Development began in the late 1950s amid rapid SLBM program milestones at Lockheed Corporation and General Dynamics Electric Boat. Design reviews and prototype fabrication involved dense coordination with the Atomic Energy Commission and laboratory directors such as those at Lawrence Radiation Laboratory. Nuclear testing of the underlying physics packages was conducted as part of the Operation Hardtack and subsequent test series at Nevada Test Site and the Pacific Proving Grounds. Live-fire and environmental qualification trials for the reentry vehicle-and-warhead assembly used workups at the Naval Ordnance Test Station and sea trials from Submarine Squadron 14 and other operational units. Contractors faced pressure to resolve manufacturing defects and to scale production to meet deployment schedules mandated by the Eisenhower administration and later the Kennedy administration.

Safety and reliability issues

The W47 program became notorious for safety and reliability problems that involved both design fragility and production flaws. Reports to senior officials highlighted concerns about accidental detonation risks and deleterious impacts of aging components on yield reliability. Problems such as insensitive high-explosive cracking, faulty electrical safety mechanisms, and unreliable permissive action link analogs were documented by technical staff at Lawrence Radiation Laboratory and by inspectors from the Atomic Energy Commission. Investigations by panels convened by the Department of Defense and hearings involving congressional committees traced failures to rushed schedules, contractor quality control lapses, and limitations in early warhead safety engineering. These issues influenced later adoption of enhanced safety features like fire-resistant pits and improved arming interlocks in successors developed at Sandia National Laboratories and Los Alamos National Laboratory.

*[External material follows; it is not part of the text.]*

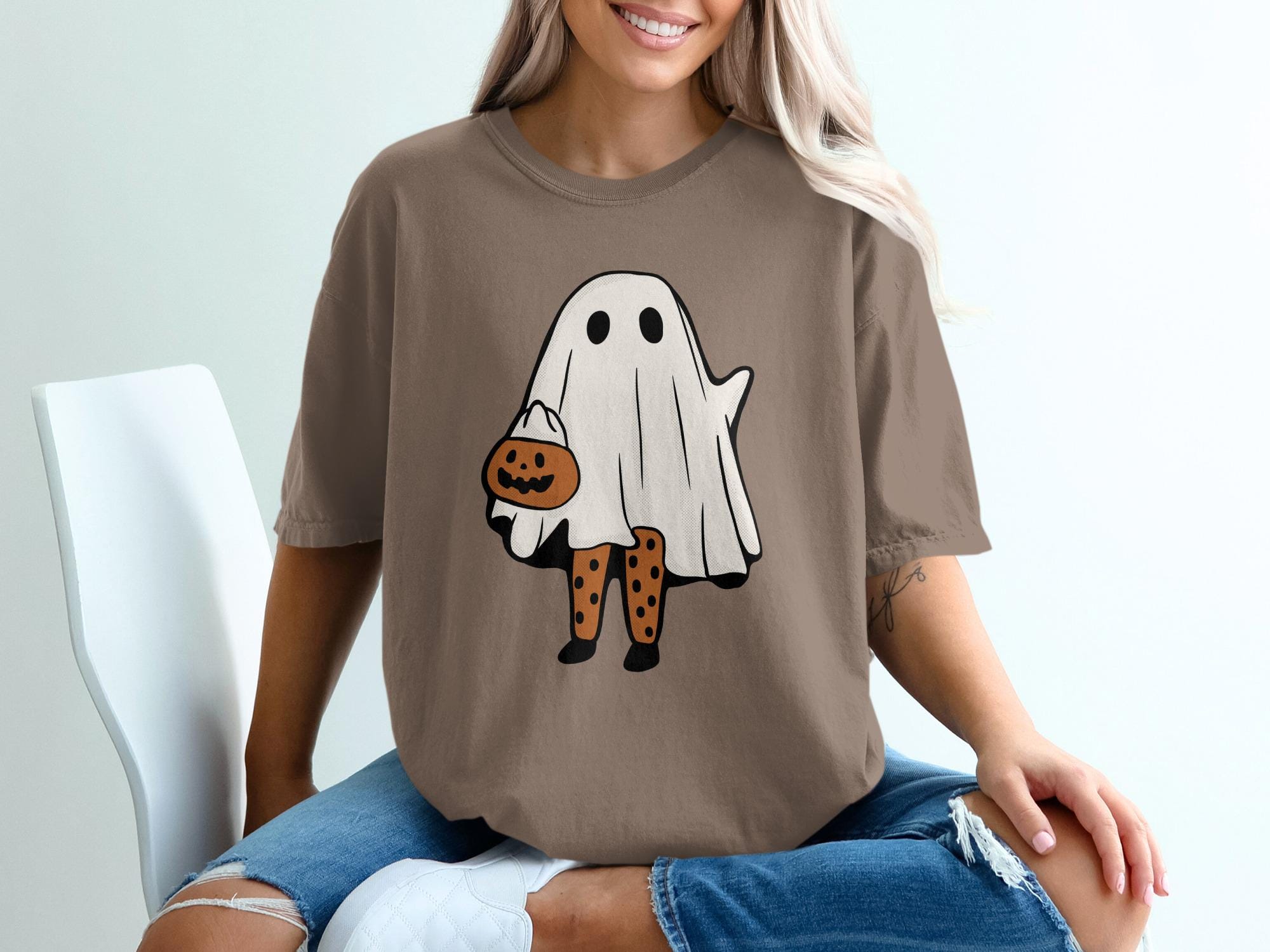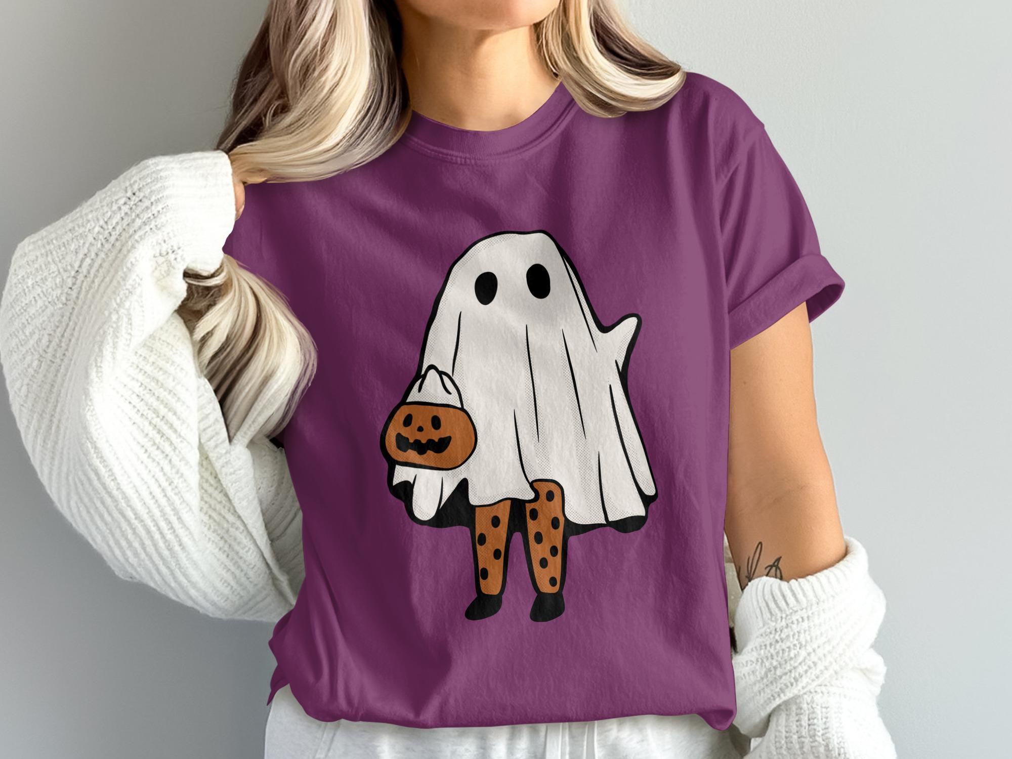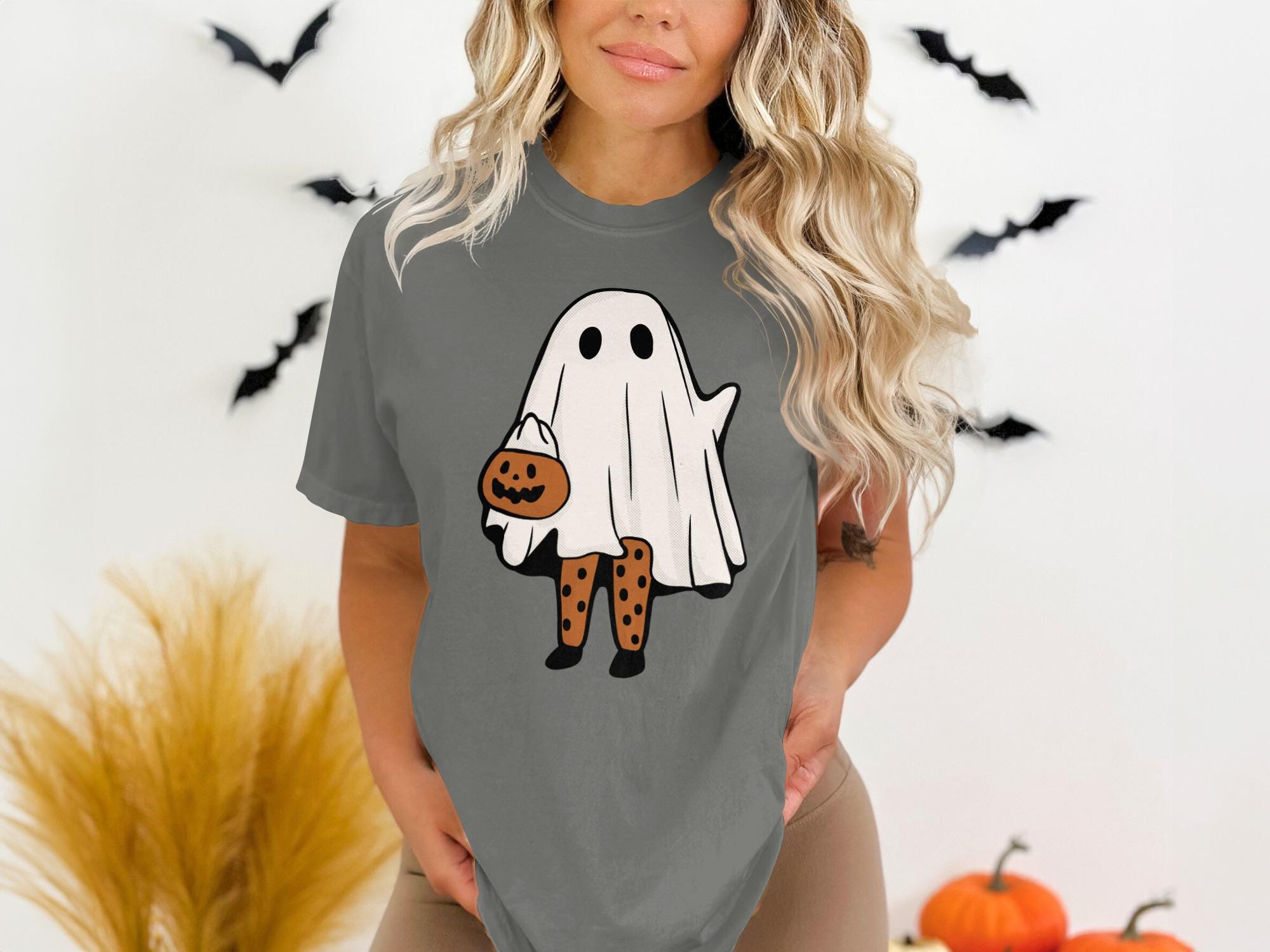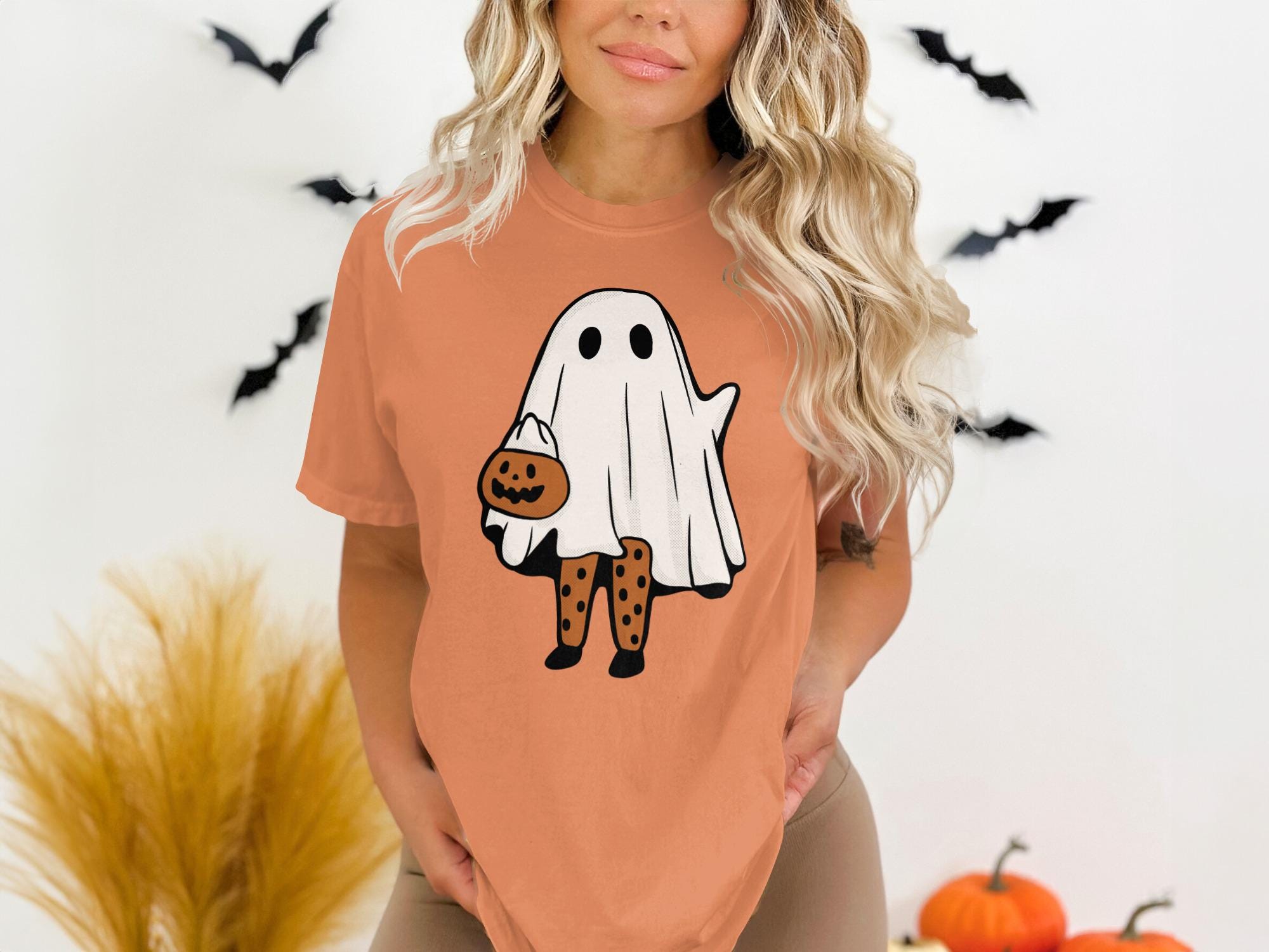 Get ready for Halloween with this adorable ghost T-shirt! Featuring a cute ghost holding a pumpkin bag, this design is perfect for spooky season. A fun, festive, and fashionable way to celebrate Halloween, this unique design is sure to turn heads and spread some Halloween cheer.

Deployment and operational history

The W47 entered service on Polaris-armed submarines beginning in 1960 and formed the warfighting core of the USN submarine deterrent through the 1960s and into the 1970s. Carried aboard vessels such as USS George Washington (SSBN-598), USS Patrick Henry (SSBN-599), and their follow-ons, W47-equipped patrols contributed to continuous at-sea deterrence missions overseen by United States Atlantic Fleet and United States Pacific Fleet commands. During high-tension episodes like the Cuban Missile Crisis and NATO force posturings, W47 warheads were part of alert status planning coordinated with the Joint Chiefs of Staff and the Strategic Air Command for strategic signaling. Operational constraints from reliability concerns required periodic rework campaigns and resulted in selective derating of stockpiles, managed through logistics centers associated with the Naval Reactors office and ordnance depots.

Retirement and disposal

As newer warhead designs and improved SLBMs such as Poseidon and later Trident I entered service, the W47 was progressively retired. Decommissioning began in the late 1960s and accelerated through the 1970s and 1980s, with final retirements completed by the early 1990s. Disposal processes involved disassembly operations overseen by the Department of Energy successor agencies and component recycling coordinated with Sandia National Laboratories and the Nuclear Weapons Complex. Lessons from W47 retirement influenced protocols for warhead dismantlement, component storage, and non-proliferation discussions at venues such as Strategic Arms Limitation Talks and in policy deliberations involving the Arms Control and Disarmament Agency.